4. De Raad komt tot de volgende beoordeling.
4.1.
Het onder 1.4 genoemde verzoek van appellante strekt ertoe dat het college terugkomt van het besluit van 20 juni 2013. Het college heeft hierop beslist met overeenkomstige toepassing van artikel 4:6, tweede lid, van de Awb. Dit betekent dat de bestuursrechter aan de hand van de aangevoerde beroepsgronden toetst of het bestuursorgaan zich terecht, zorgvuldig voorbereid en deugdelijk gemotiveerd op het standpunt heeft gesteld dat er geen nieuw gebleken feiten of veranderde omstandigheden zijn. Als het bestreden besluit die toets doorstaat, kan de bestuursrechter niettemin aan de hand van de beroepsgronden tot het oordeel komen dat het bestreden besluit evident onredelijk is (uitspraak van 27 december 2016, ECLI:NL:CRVB:2016:5115).
4.2.
Onder nieuw gebleken feiten of veranderde omstandigheden worden verstaan feiten of omstandigheden die na het besluit waarvan herziening wordt verzocht zijn voorgevallen, dan wel feiten of omstandigheden die weliswaar voor dat besluit zijn voorgevallen, maar die niet voor dat besluit konden worden aangevoerd. Nieuw gebleken feiten zijn ook bewijsstukken van al eerder gestelde feiten of omstandigheden, als deze bewijsstukken niet eerder konden worden overgelegd.
4.3.
Zoals de Raad eerder heeft overwogen, bijvoorbeeld in de onder 1.2 bedoelde, tussen partijen gewezen, uitspraak van 20 maart 2018, moet in het kader van de vaststelling van de omvang van het recht op bijstand, anders dan appellante voorstaat, niet van het in de fiscale wetgeving gehanteerde inkomensbegrip worden uitgegaan, maar van de regeling met betrekking tot inkomen, zoals is neergelegd in de WWB. Het gaat hier om een speciale formele wet voor de verlening van bijstand waarin is geregeld op welke wijze het college (de omvang van) het recht op bijstand van een belanghebbende dient te bepalen.
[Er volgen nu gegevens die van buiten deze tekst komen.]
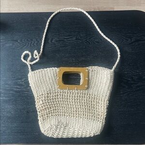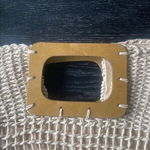 Stylish beige woven tote bag featuring a unique wooden accent. Perfect for casual outings and beach days.

Voor de door appellante bepleite benadering is gelet op het voorgaande geen plaats.
4.4.
Op grond van artikel 31, derde lid, van de WWB vormt het op het moment van bijstandsverlening feitelijk aanwezige netto inkomen het uitgangspunt voor de vaststelling van de beschikbare middelen om in de kosten van levensonderhoud te voorzien en daarmee van het recht op en de omvang van de bijstand. De middelen worden op grond van die bepaling dan ook in aanmerking genomen na aftrek van de daarover verschuldigde belasting en premies. Hoewel over periodiek ontvangen inkomen in het algemeen reeds in de sfeer van de voorheffing loonbelasting en premies worden ingehouden, kan het voorkomen dat over de ontvangen middelen alsnog op aanslag inkomstenbelasting en premies volksverzekeringen dienen te worden afgedragen. Deze worden dan met terugwerkende kracht in mindering gebracht op het inkomen. Als daardoor het netto inkomen lager is dan waarvan aanvankelijk was uitgegaan kan met terugwerkende kracht bijstand worden verleend in de mate dat de bijstand op een hoger bedrag zou zijn vastgesteld indien de totale verschuldigde belasting en premies reeds in het kader van de loonbelasting op het inkomen waren ingehouden.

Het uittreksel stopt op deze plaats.